> **Required action**:
Skip pictures in the listing below; copy exactly the lines from the one with "Se trata de" through the one with "Elegantní rozkročené šaty, které", inclusive.

> **Information provided**:
........

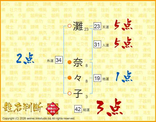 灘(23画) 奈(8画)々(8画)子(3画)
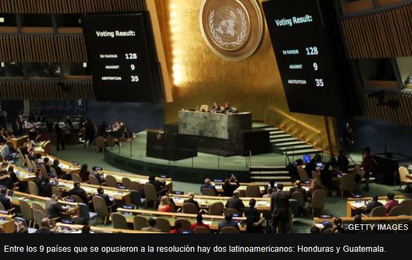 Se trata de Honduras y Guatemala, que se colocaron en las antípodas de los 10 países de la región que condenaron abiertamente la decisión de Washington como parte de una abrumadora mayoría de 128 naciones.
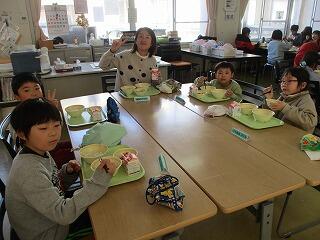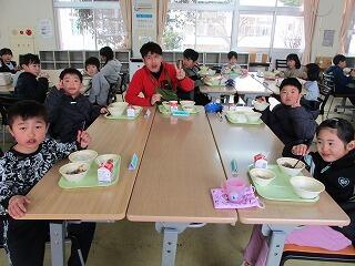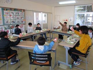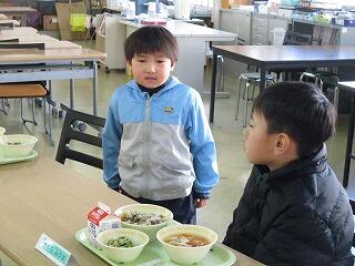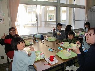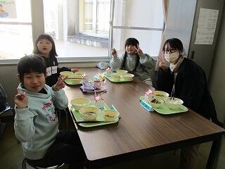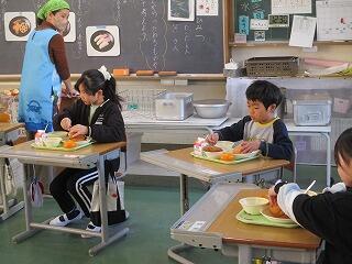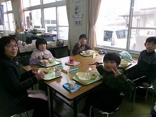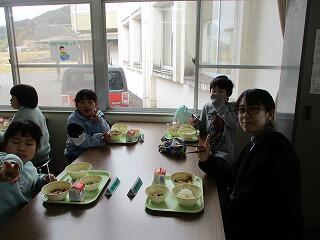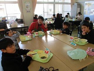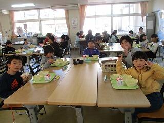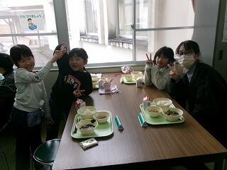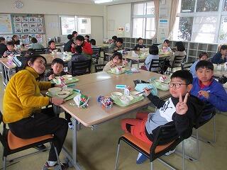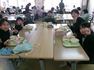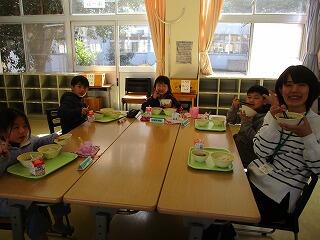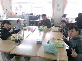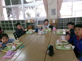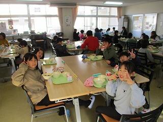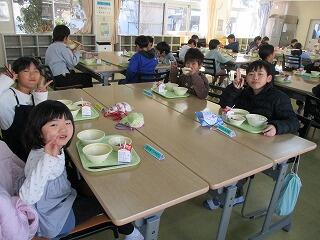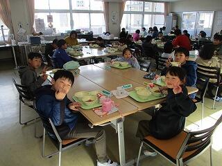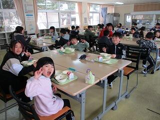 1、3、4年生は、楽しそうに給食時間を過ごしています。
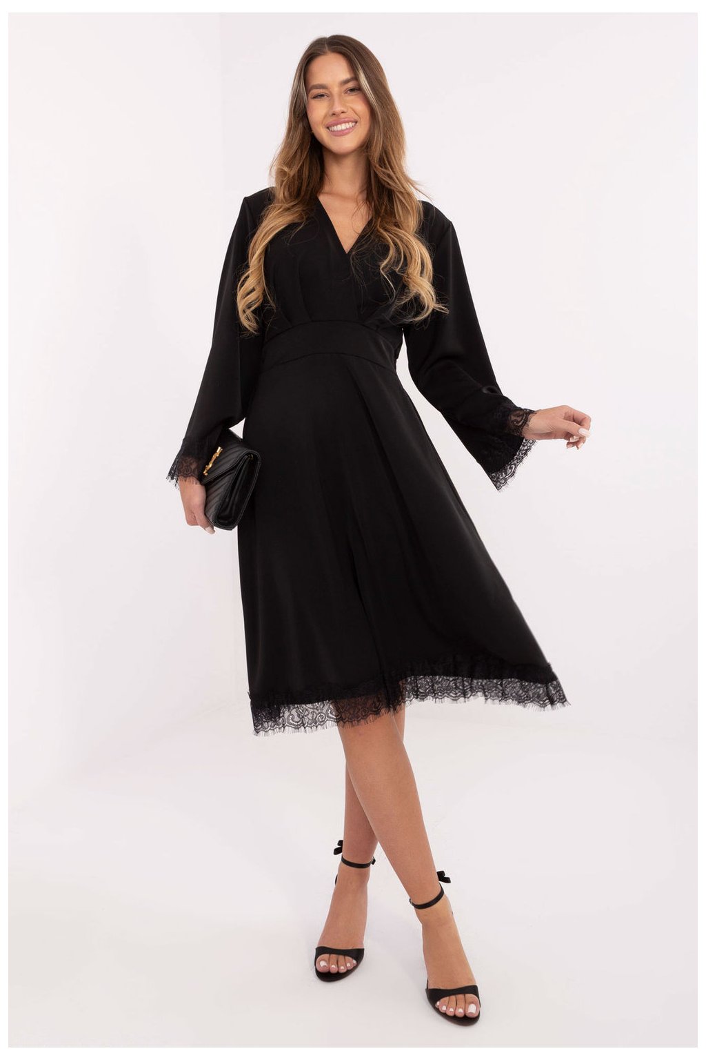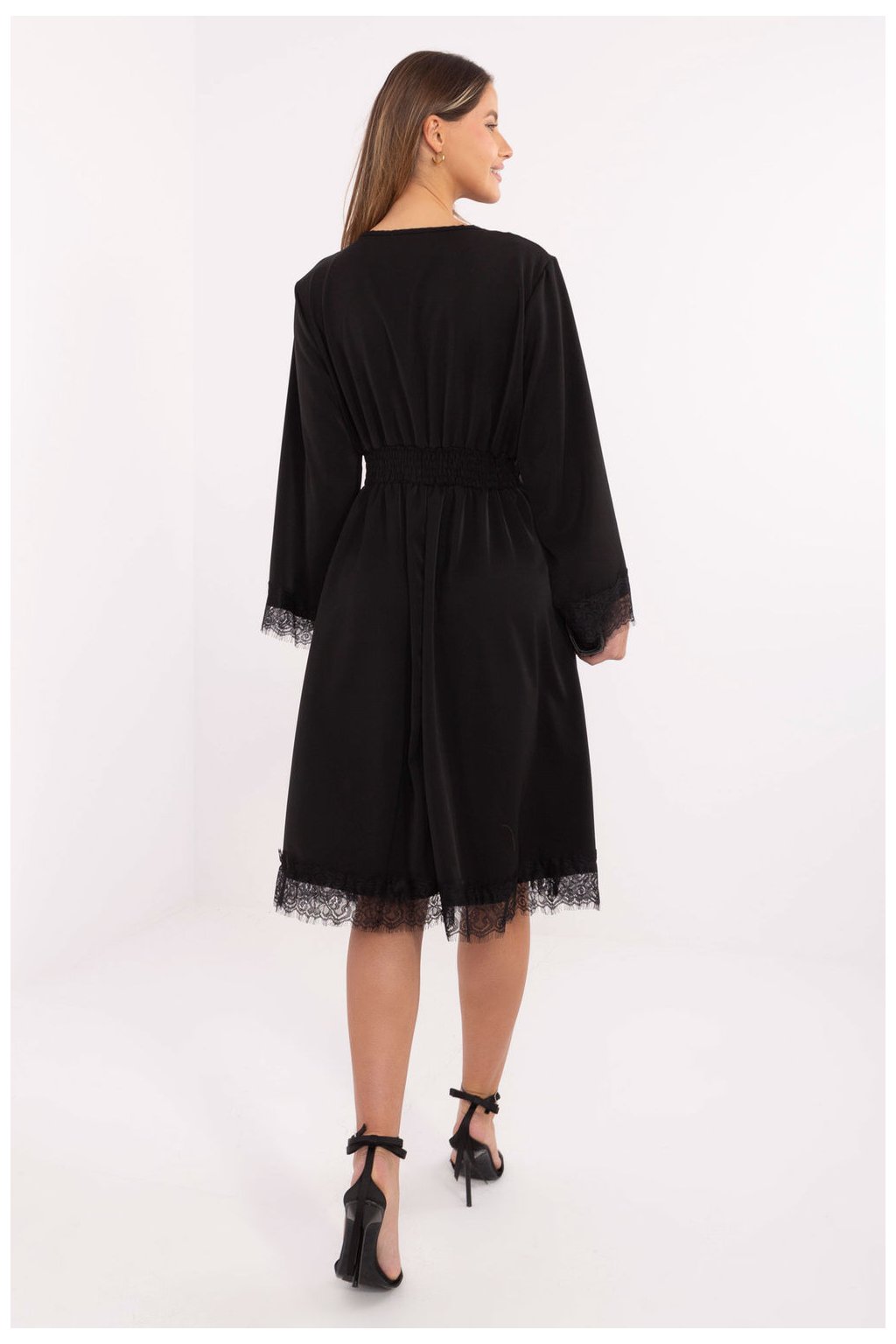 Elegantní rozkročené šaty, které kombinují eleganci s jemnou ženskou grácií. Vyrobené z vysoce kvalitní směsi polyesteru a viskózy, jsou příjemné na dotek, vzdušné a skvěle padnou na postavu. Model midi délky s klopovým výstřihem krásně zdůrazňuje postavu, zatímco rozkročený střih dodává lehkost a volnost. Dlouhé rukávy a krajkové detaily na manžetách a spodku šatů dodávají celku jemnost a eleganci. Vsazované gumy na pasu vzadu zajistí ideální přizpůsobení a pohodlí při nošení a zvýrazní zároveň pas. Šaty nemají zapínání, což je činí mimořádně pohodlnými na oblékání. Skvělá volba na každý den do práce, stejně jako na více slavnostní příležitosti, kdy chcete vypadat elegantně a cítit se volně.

........

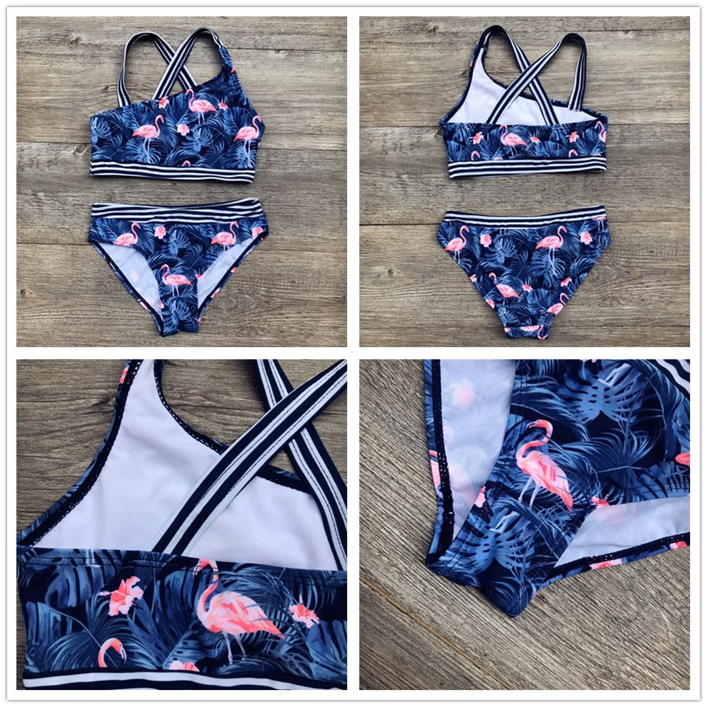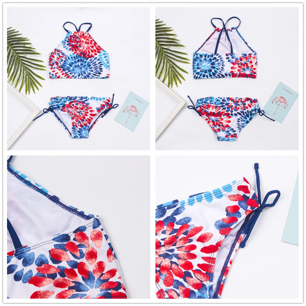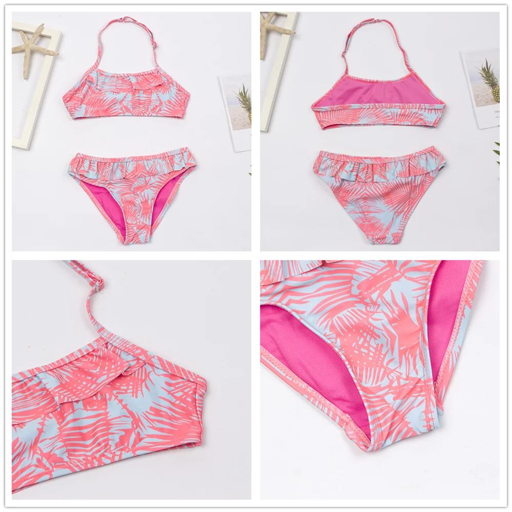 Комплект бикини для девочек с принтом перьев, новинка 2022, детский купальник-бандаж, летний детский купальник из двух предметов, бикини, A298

........

> **Task result**:
 Se trata de Honduras y Guatemala, que se colocaron en las antípodas de los 10 países de la región que condenaron abiertamente la decisión de Washington como parte de una abrumadora mayoría de 128 naciones.
 1、3、4年生は、楽しそうに給食時間を過ごしています。
 Elegantní rozkročené šaty, které kombinují eleganci s jemnou ženskou grácií. Vyrobené z vysoce kvalitní směsi polyesteru a viskózy, jsou příjemné na dotek, vzdušné a skvěle padnou na postavu. Model midi délky s klopovým výstřihem krásně zdůrazňuje postavu, zatímco rozkročený střih dodává lehkost a volnost. Dlouhé rukávy a krajkové detaily na manžetách a spodku šatů dodávají celku jemnost a eleganci. Vsazované gumy na pasu vzadu zajistí ideální přizpůsobení a pohodlí při nošení a zvýrazní zároveň pas. Šaty nemají zapínání, což je činí mimořádně pohodlnými na oblékání. Skvělá volba na každý den do práce, stejně jako na více slavnostní příležitosti, kdy chcete vypadat elegantně a cítit se volně.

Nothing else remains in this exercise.